[[ Data block open ]]

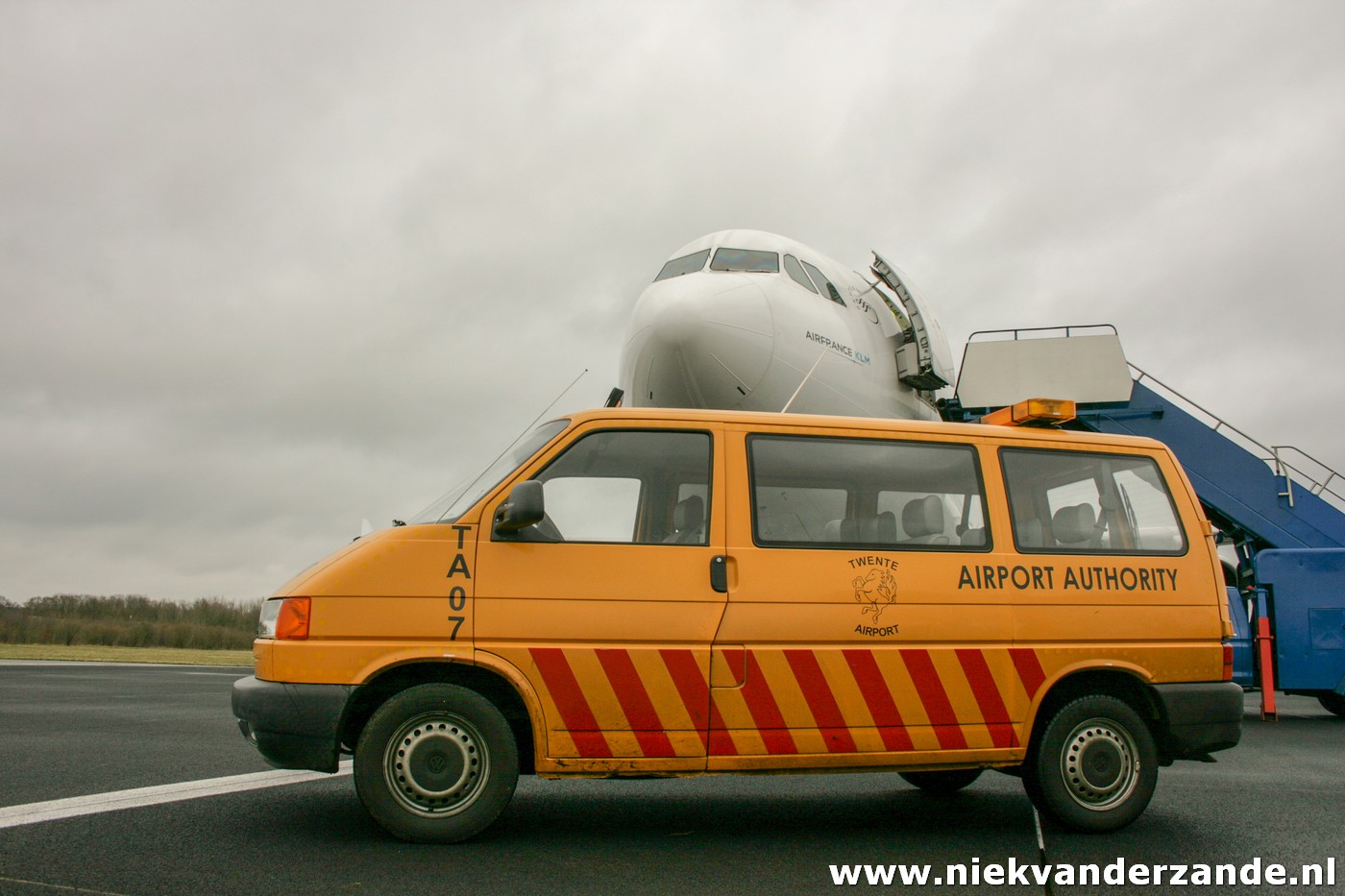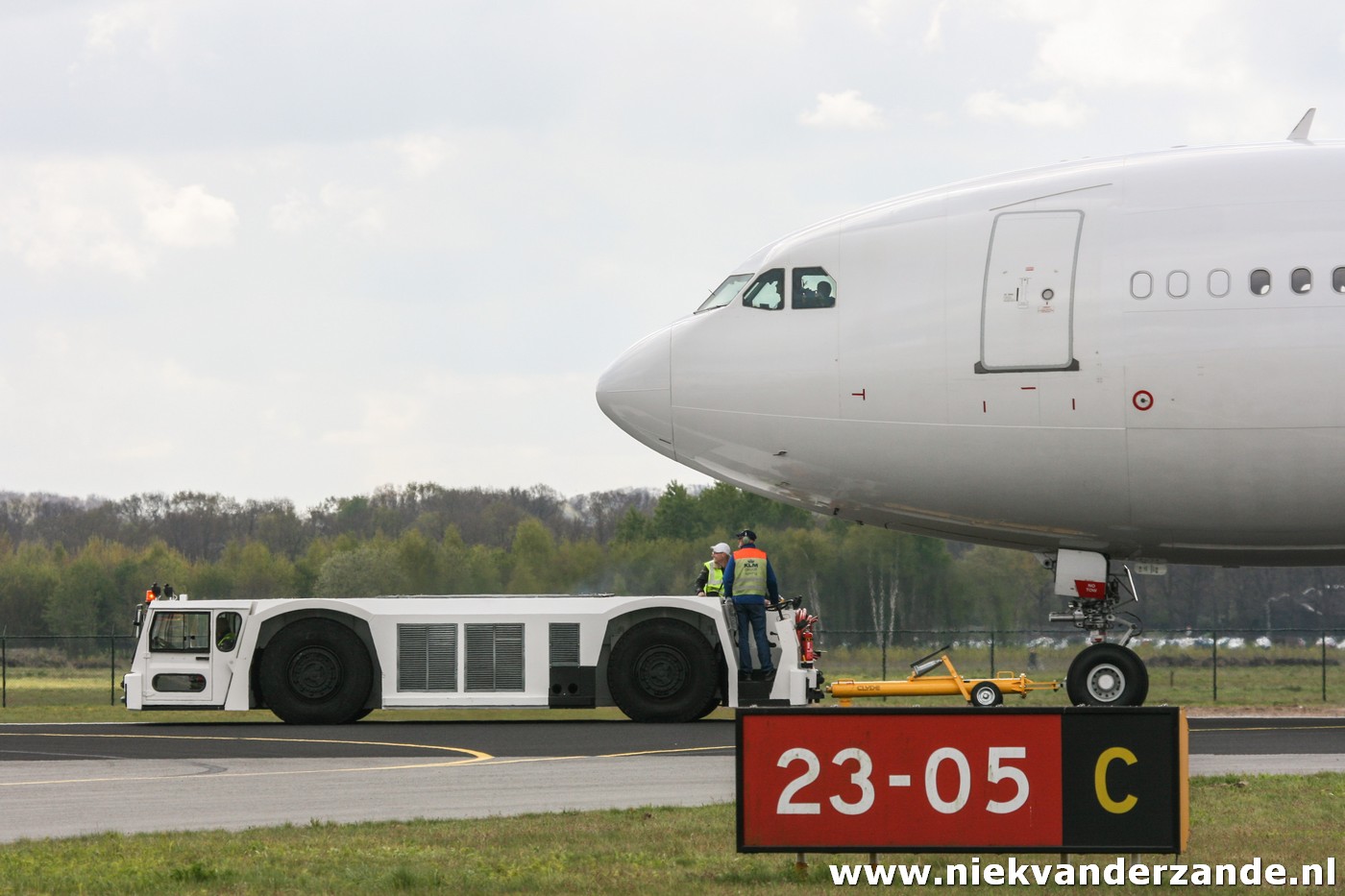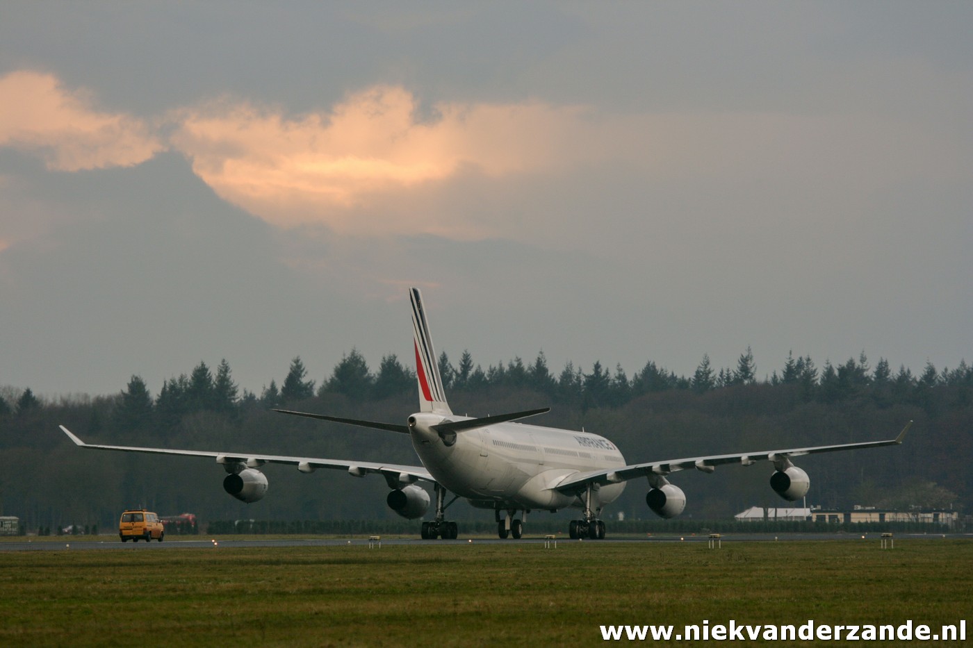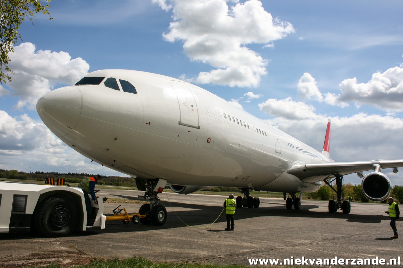 The first aircraft that was scheduled for arrival was Air France’s A.340-311 F-GLZI, which was due to arrive on the 19th of January. This aircraft was ferried from Paris – Charles de Gaulle to Twente Airport, a flight of approximately an hour. Due to a combination of strong winds and low ceiling, the flight was postponed several times on this day, after which the Airbus finally arrived at quarter to four. At that time, there was no longer a tow truck driver available, so that the aircraft was parked at Twente’s Runway 05 end. This was something that was appreciated by many aviation enthusiasts, but less by the members of the flying club. They could not use the 3km runway that weekend.
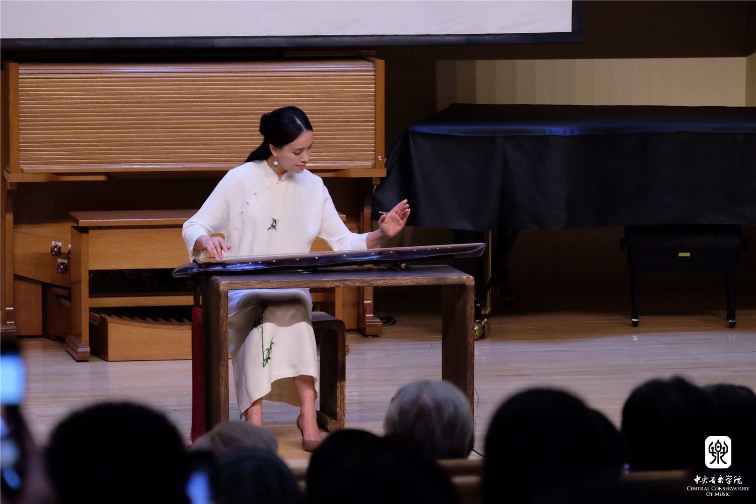 9日晚,一场包含了传统和现代古琴作品的音乐会在星空彩票ios版中心版王府音乐厅上演。在节目当中,上海今虞琴社社长戴树红与戴微、王懿颖等琴家重现了1937年抗日时期的琴歌作品《精忠词》,中国音乐学院赵晓楠教授演唱的琴歌《慨古引》,吴文光教授根据琴曲释编的《梅花三弄》《白雪》等古琴述作作品,还有周龙、姚晨、李晨瑶分别创作的《溯》《牧云图》《空城引》等当代作曲家的创作作品。全场高潮在赵家珍老师演奏《广陵散》时达到了高潮,曲毕观众掌声雷动。最后,整场音乐会在星空彩票ios版中心版古琴专业师生合奏的由吴景略移植的维吾尔民歌《新疆好》的琴声中圆满结束。
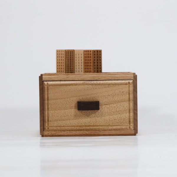 箱の上に5つのビルが並んで建っていて、それぞれのビルが上下に動かせるようになっています。
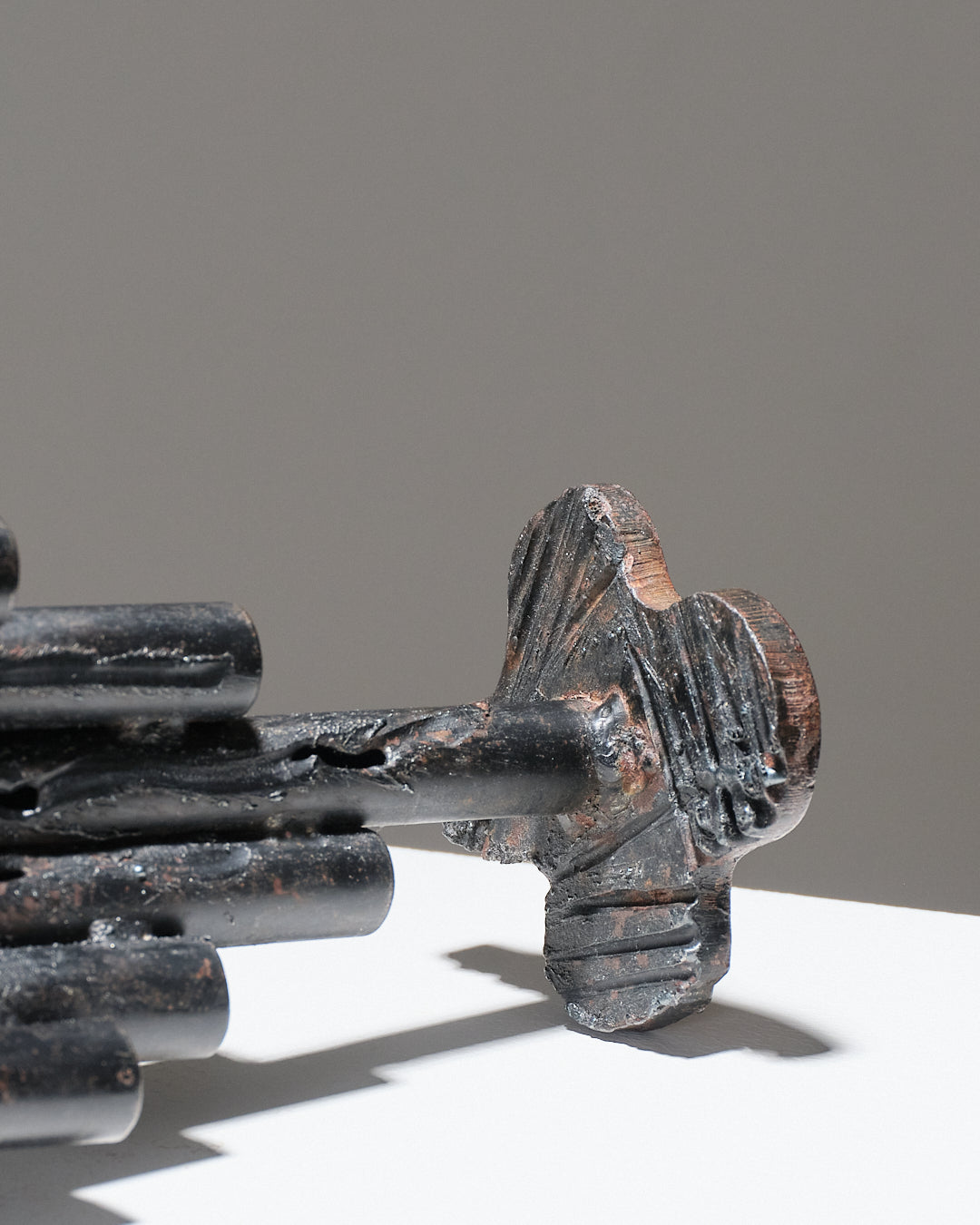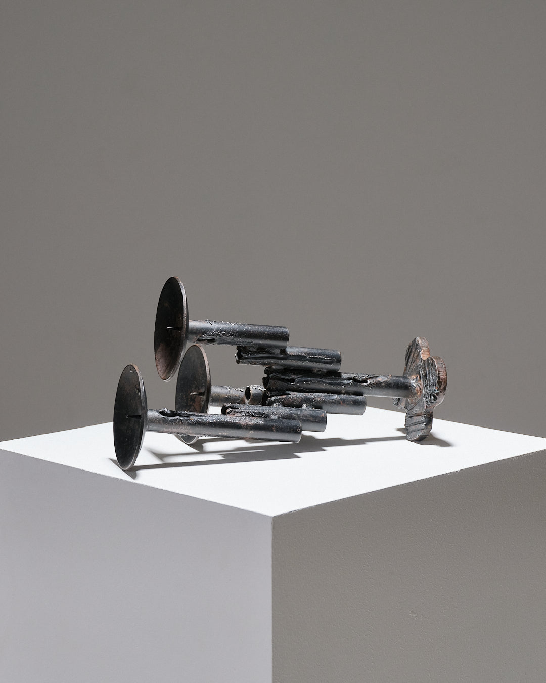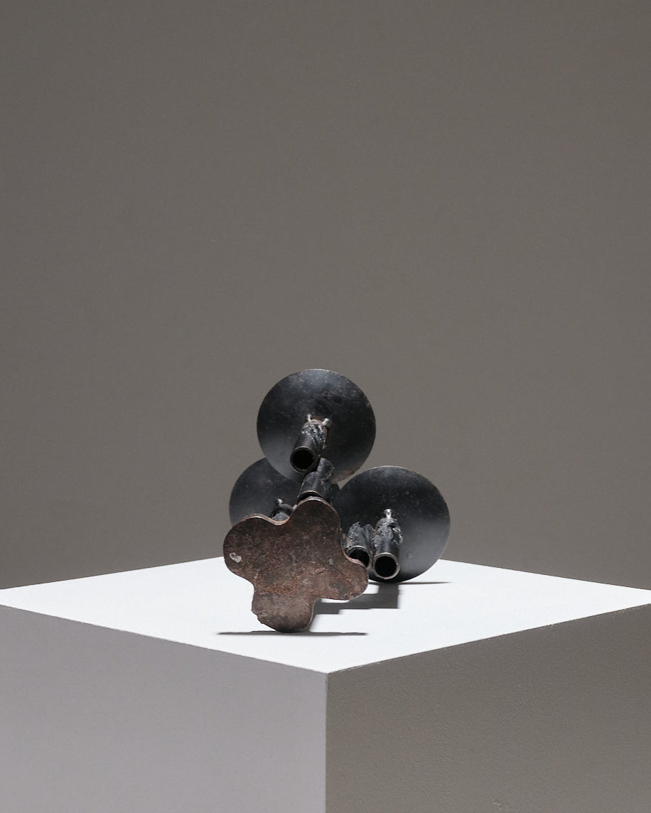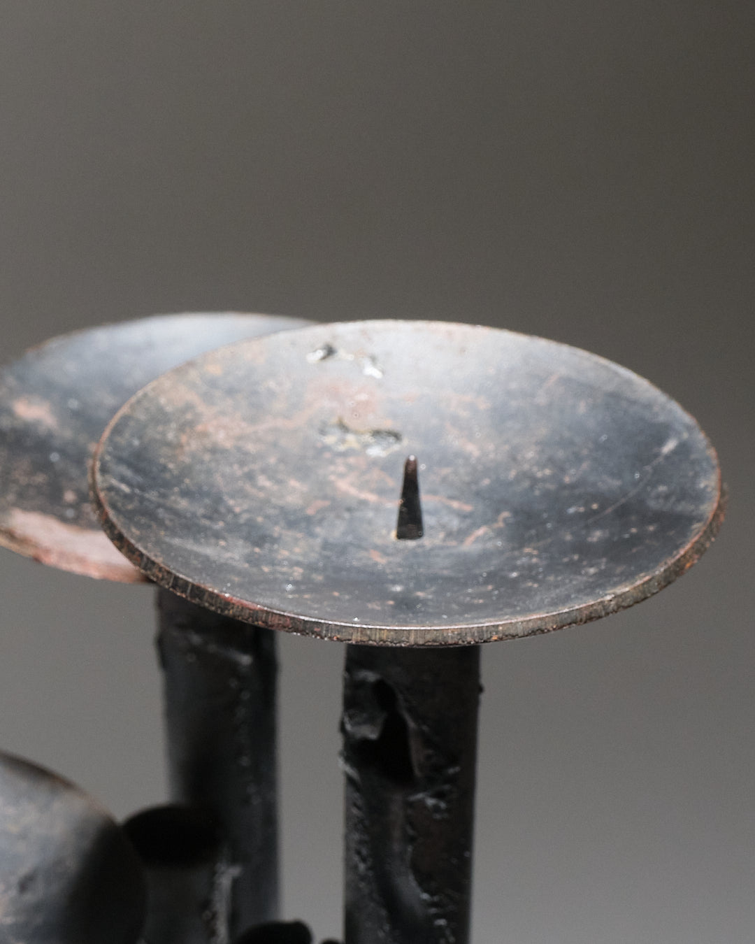 Chandelier 3 feux brutaliste pique cierge en fer forgé, ferronnerie artisanale. Années 1960. très bel état.

[[ Data block closed ]]

Copy, exactly and exclusively, the lines beginning with the one that contains "箱の上に5つのビルが並んで建" and ending with the last line of the listing; pictures are to be omitted.

 箱の上に5つのビルが並んで建っていて、それぞれのビルが上下に動かせるようになっています。
 Chandelier 3 feux brutaliste pique cierge en fer forgé, ferronnerie artisanale. Années 1960. très bel état.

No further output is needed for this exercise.